** Provided material follows **
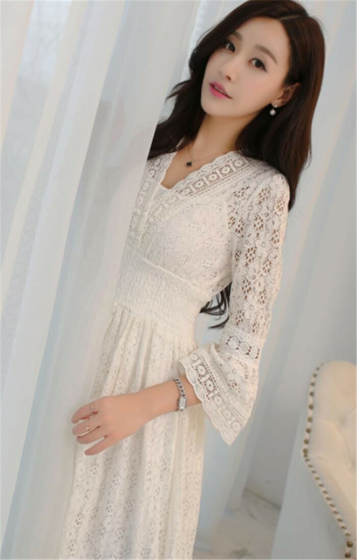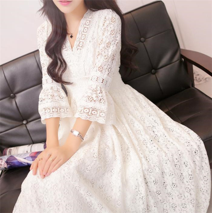 結婚式 フォーマル パーティードレス大きいサイズ レディースドレス総レースワンピース結婚式 ドレス 透け感 白ワンピース 膝丈 ミモレ丈 ミディアム丈 ワンピース 長袖 無地 アイ レース
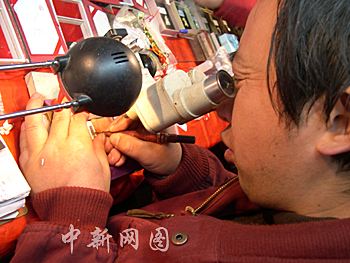 金陵民間微雕工藝能在一粒米上雕刻六首唐詩(shī),立等可取。那劍卿 攝
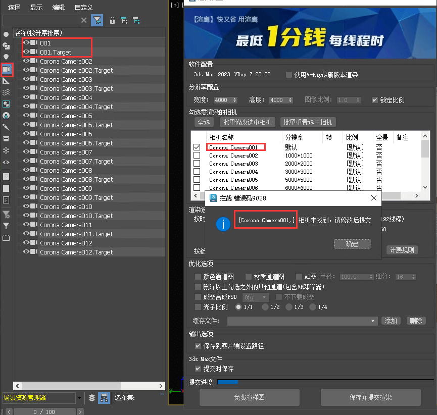 corona渲染器,场景-->常规设置-->渲染选定对象-->模式,使用的 《视口选择》,在联机模式下会渲染失败,请修改后提交
** End of Provided material **
* **Exercise**
Write out the lines of the material from the one containing "金陵民間微雕工藝能在一粒米上雕刻六首唐詩(shī),立等可取。那劍卿 攝" through the last, exactly and only those. Leave every picture out.

* **Expected output**
 金陵民間微雕工藝能在一粒米上雕刻六首唐詩(shī),立等可取。那劍卿 攝
 corona渲染器,场景-->常规设置-->渲染选定对象-->模式,使用的 《视口选择》,在联机模式下会渲染失败,请修改后提交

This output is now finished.